Sunday, May 13, 2007

Have Achievement Points™ Ruined Gaming?

In my post about the Shivering Isles, I wondered whether Achievements have ruined gaming. (Or maybe ruined me as a gamer.) Dead Rising, which has received acclaim for its creative use of Achievements, seems like exactly the sort of game that is either making our lives as gamers more wonderful... or more revolting. If anyone has any advice for how I might cure my illness...


Just to re-cap.


From my ruminations on Shivering Isles: "And that's why Achievements are a beautiful thing. (Or are they?) I visit all the changing rooms at the Willamette Mall... because it's an achievement. I comb the Pacific City skyline for orbs... because it's an achievement. GoW II rested in its original wrapping for weeks and even Puzzle Quest is hardly enough to lure me away from my 360. My PS3 is gathering dust (mostly) and my Wii is left by the wayside. All because of those lovely, addictive, damned points. Seriously... why would I ever play Cloning Clyde instead of Twilight Princess!?!"


The sad reality.

There is an achievement in Dead Rising that requires you to kill 53,594 zombies in a single play-through. (That's the exact population of Willamette, according to the opening cinema.) After browsing the message boards, my boyfriend discovered that the best way to earn this achievement is to take a car into the maintenance tunnels, do a quick loop to mow down any zombies in your path, then rinse and repeat. About 150 times.

To me, this represents the ultimate in gaming insanity. Yesterday, I watched him drive this monotonous route for nearly 3 hours of straight, tedious gameplay. All for an Achievement. He is currently spending another 7 hours playing through the game a third time (and wrestling with some pretty frustrating AI) so that he can escort 50 survivors successfully (and answer all the transceiver calls). And when he's finished this, I have no doubt that he will play through a fourth time to get any achievements he might be missing. This is insane! This I do not condone! This is exactly... what I want to do now! I'm not proud of this weakness. Why should we keep playing a game when it becomes painful?

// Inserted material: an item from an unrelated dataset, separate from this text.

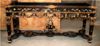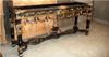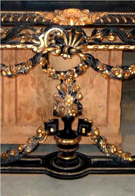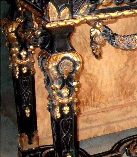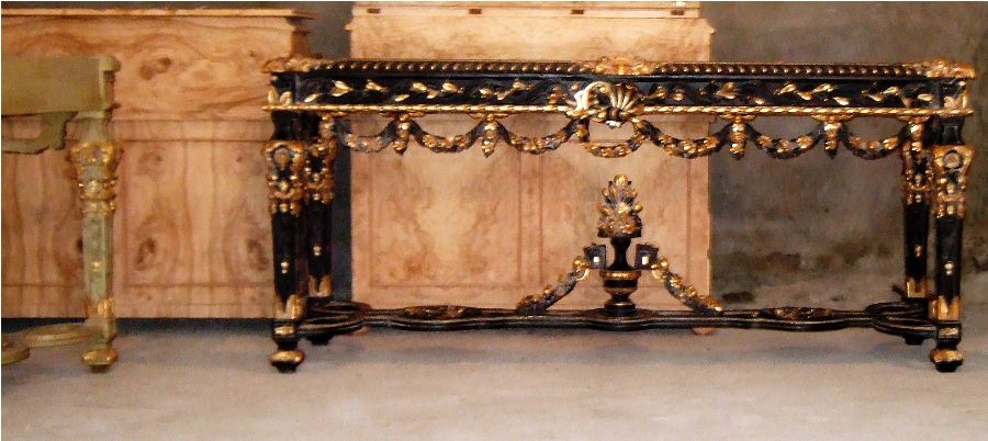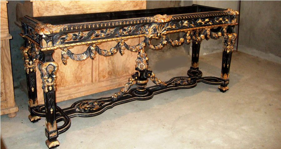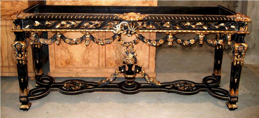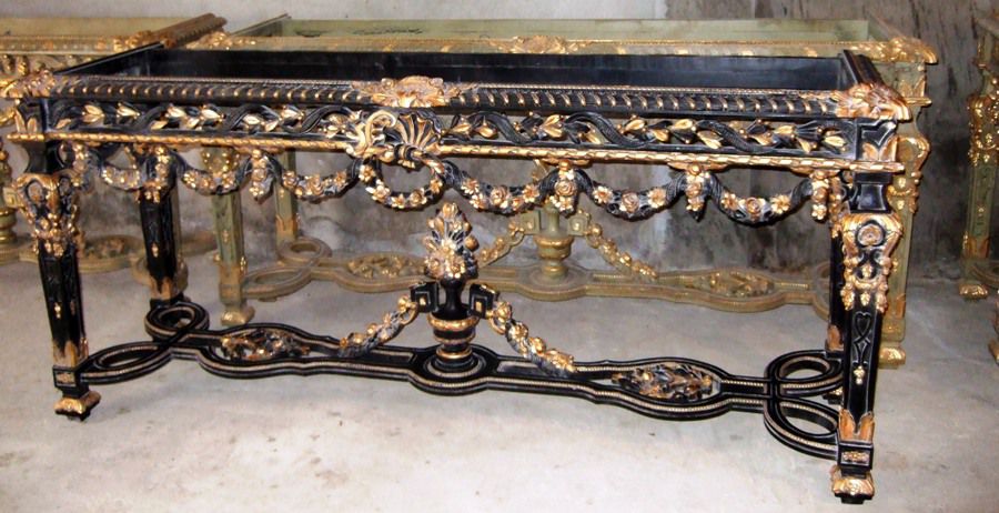 French Louis XIV Rococo style carved, painted and gilded console table, finished in aged dusty black color and gilt ornamented with French gold foils on carvings, with inset marble top, ornamented with budded pendants and guilloche works, cartouches, garlands, sea shell and swagged laurel-wreathed motifs, with pierced apron on tapering legs joined by an entwined seeded leafy stretcher surmounted with flowering urn.
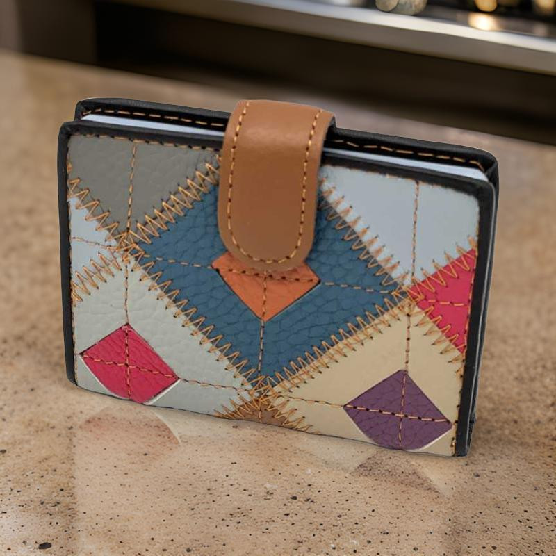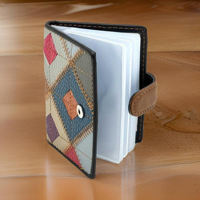 Portcard dama din Piele Naturala: Port Card pentru Femei Multicolor cu 20 Sloturi, 10x7,5 cm

Aren't there a hundred beautifully designed games begging for our attention? Is any frackin' game worth 200 Achievement Points?

But whether or not they foresaw the Achievement craze, Microsoft must be feeling pretty smart about now. I am buying and playing games for this system because of Achievements. Of course there are exceptions. (Any true gamer buys a game like Rainbow Six: Vegas on 360 because of online play.) But why preorder GTA IV or Assassin's Creed for 360 when they will be co-released—and potentially more graphically stunning—on PS3? Because that's exactly what I did.

I have absolutely no defensible point to argue here.